Three user types interact with Notional liquidity pools: lenders, borrowers, and liquidity providers. Lenders deposit Prime DAI into the pool and receive fDAI (a promise to receive a fixed amount of DAI at a future date). Borrowers take Prime DAI from the pool and deposit fDAI (a promise to pay a fixed amount of DAI at a future date). The liquidity provider adds Prime DAI and Dec 1 2021 fDAI into the pool which can be lent or borrowed by either party.
The interest rate that borrowers and lenders get depends on the proportion of Prime Cash in the liquidity pool vs. fCash. The more Prime Cash in the pool, the lower the interest rate. The more fCash in the pool, the higher the interest rate. The interest rate is determined by Notional's AMM.

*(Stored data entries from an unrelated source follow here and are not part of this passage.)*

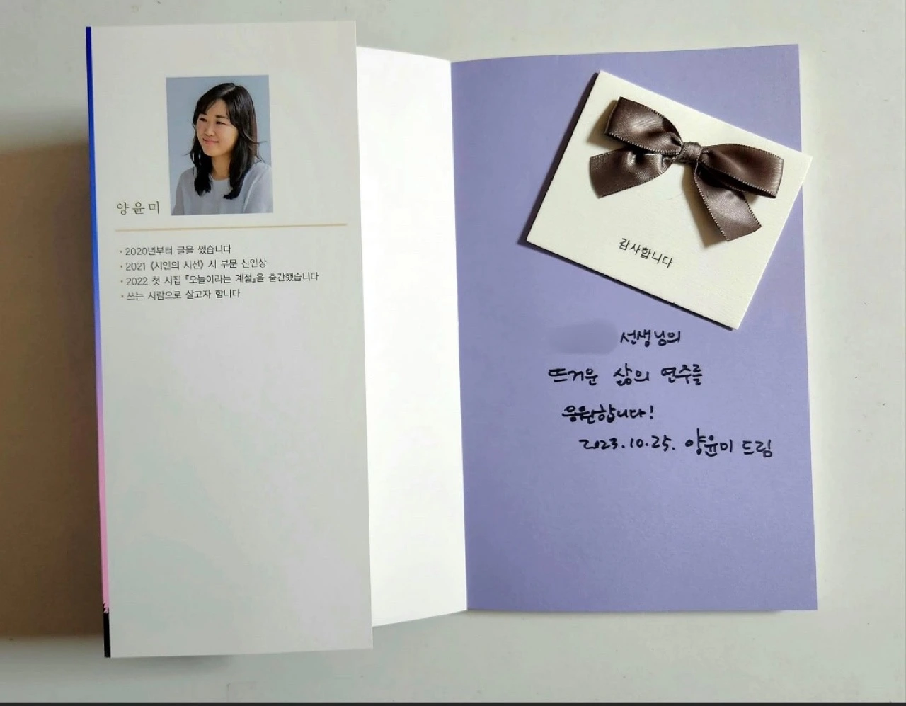 한 땀 한 땀 시어를 골라 구슬을 꿰듯 정성들여 완성한 자식같은 시집을 잘 읽어달라는 마음을, 그 분들은 굳이 말하지 않아도 헤아리실 것이 분명했다. 그러나, 그럼에도 불구하고, 사실상 나와 아무런 교집합이 없는 그 분들 입장에서는 아마도 내가 난생 처음보는 인물일 게 뻔하지 않은가? 그래서 굳이 애써서, 간단한 자기 소개와 인사말을 담아 일일이 손편지를 적었다. 받는 분의 성함도 꾹꾹 놀러적어가며 말이다.
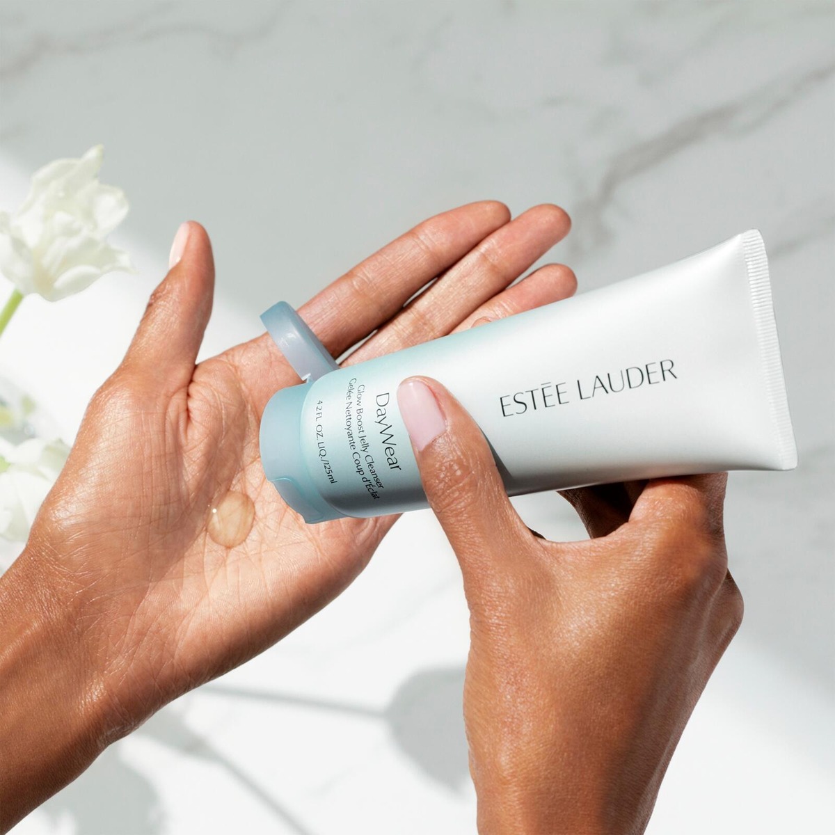 DayWear Glow Boost Jelly Cleanser muuttuu silkkiseksi vaahdoksi ja tarjoaa tehokkaan, syväpuhdistavan käyttökokemuksen, joka poistaa iholta epäpuhtauksien ja pitkäkestoisen meikin lisäksi myös aurinkosuojatuotteiden jäämät. Iho jää silkkisen raikkaaksi, puhtaaksi ja säteileväksi, jonka hehku säilyy koko päivän. Muuntautuva koostumus tarjoaa ainutlaatuisen aistikokemuksen, joka on sekä hellävarainen että tehokas.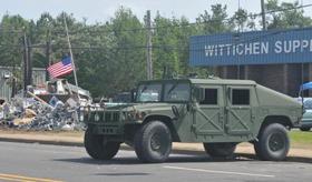 Cutline: An American flag flies at half staff in the midst of rubble from the tornado that hit Tuscaloosa, Ala., April 27, next to a National Guard Humvee that is part of a traffic control point. Alabama National Guardsmen are working with local law enforcement to assist in traffic control around the city.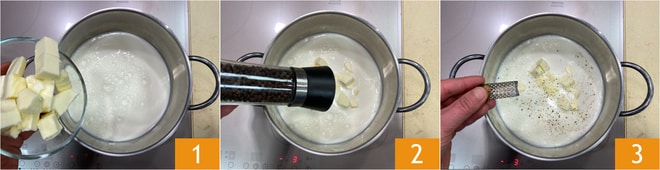 Zur Zubereitung der überbackenen römischen Gnocchi geben Sie zuerst die Milch in einen Topf, fügen Sie die Butter hinzu 1, salzen und pfeffern Sie 2 und würzen Sie mit Muskatnuss 3.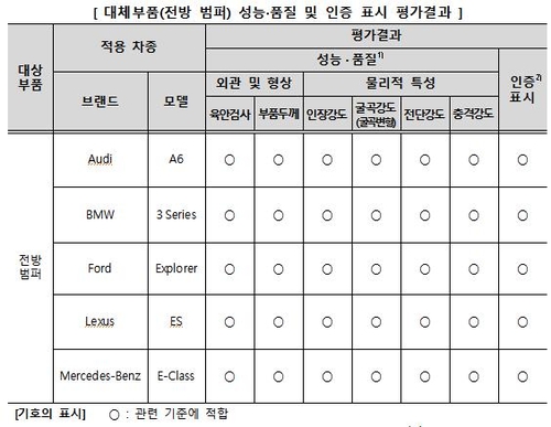 성능과 품질 인증 사항 표시 역시 모든 대체부품이 관련 기준에 적합했다.

As users lend and borrow, they change the liquidity pool's proportion. When users lend, they put in Prime Cash and take out of fCash. When users borrow, they put in fCash and take out Prime Cash. This makes the interest rates on Notional reactive to the balance in supply and demand for borrowing vs. lending. The more users lend, the lower the interest rates go and the more users borrow, the higher interest rates go.